With massive traffic and an engaged email list, he monetized through ads, sponsored content, and consulting for crypto investors. Starting 2017 with $0 in the bank, he ended it with over **$1 million in earnings**—a dream come true.
But success came with a cost: greed began to take control.
The 2018 Bear Market: When Greed Met Reality
In early 2018, fueled by FOMO (fear of missing out), he believed swapping Bitcoin for high-potential altcoins was the smart way to multiply wealth. At the market peak, he converted 90% of his Bitcoin holdings into over 40 different altcoins, planning to hold them long-term.
It was his biggest mistake.
As the market slowly turned bearish, he dismissed early warnings as normal corrections. He clung to hope during temporary rebounds, repeating: “It’ll bounce back.” Meanwhile, he lived extravagantly—traveling, spending recklessly, indulging in substances—convinced the bull run would never end.
Many believed Bitcoin’s $6,000 support level was unbreakable—it held firm six or seven times. Everyone HODLed. Everyone thought it was just a healthy pullback.
Then came the crash.
Bitcoin plunged below $6,000 and collapsed to **$3,200. At around $4,000, he capitulated and sold everything. His portfolio? Reduced to less than 5%** of its peak value.

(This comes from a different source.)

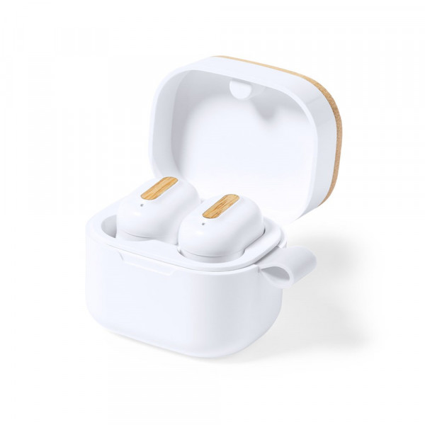 Wireless Headphones Limited Edition. A breakthrough design that combines design, functionality and sustainability. In elegant white finish in combination with natural bamboo details and presented in a white carrying case with a distinguished bamboo cover. Ergonomically designed, with integrated touch control button on the earpiece, matching charging base and LED charging indicator light. Bluetooth 5.0 connection. Hands-free function and rechargeable with USB C cable included. Instruction manual in English and Spanish included. From the perfect combination of exclusivity and design, come Limited Edition, a special collection of limited edition promotional ideas. A new concept, inspired by the fusion of premium products with the latest and most innovative trends and with a limited selection available, turn a gift into a unique and unforgettable experience. Exclusive Limited Edition presentation case, with a design protected by industrial property rights. Including card with description of Limited Edition in recycled cardboard.

Once again, he lost nearly everything.
Chasing Recovery: The Futures Trap
Desperate to regain what he’d lost, he turned to crypto futures trading in 2019. Leveraged trading gave him brief hope—when Bitcoin briefly spiked to $13,500, he recovered about 30% of his previous peak.
But sideways markets exposed his weaknesses. Technical analysis failed him. Emotional trading led to consecutive losses.

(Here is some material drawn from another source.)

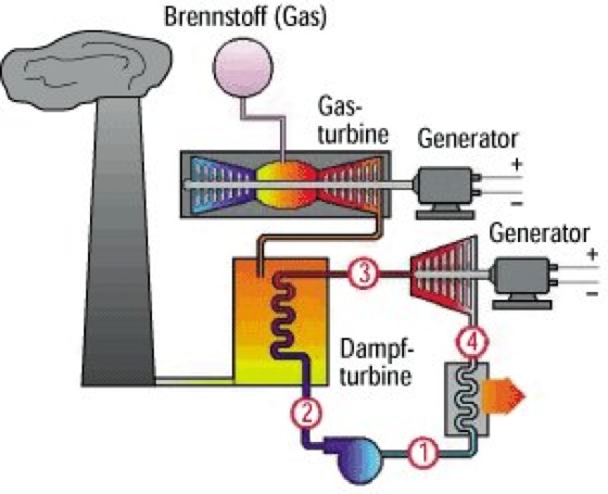 Topping-Zyklus: Schema eines Gas- und Dampfprozesses, bei dem ein Brayton-Gasprozeß als Topping-Zyklus fungiert.

He landed a role writing market analyses for Blockchain Whispers, paid in Bitcoin. Instead of saving these earnings—a lifeline—he risked them all on leveraged trades.
Then came March 2020: the infamous “Black Thursday” flash crash.
Bitcoin dropped over 50% in hours due to global market panic and liquidations. His positions were wiped out instantly.
Total loss. Again.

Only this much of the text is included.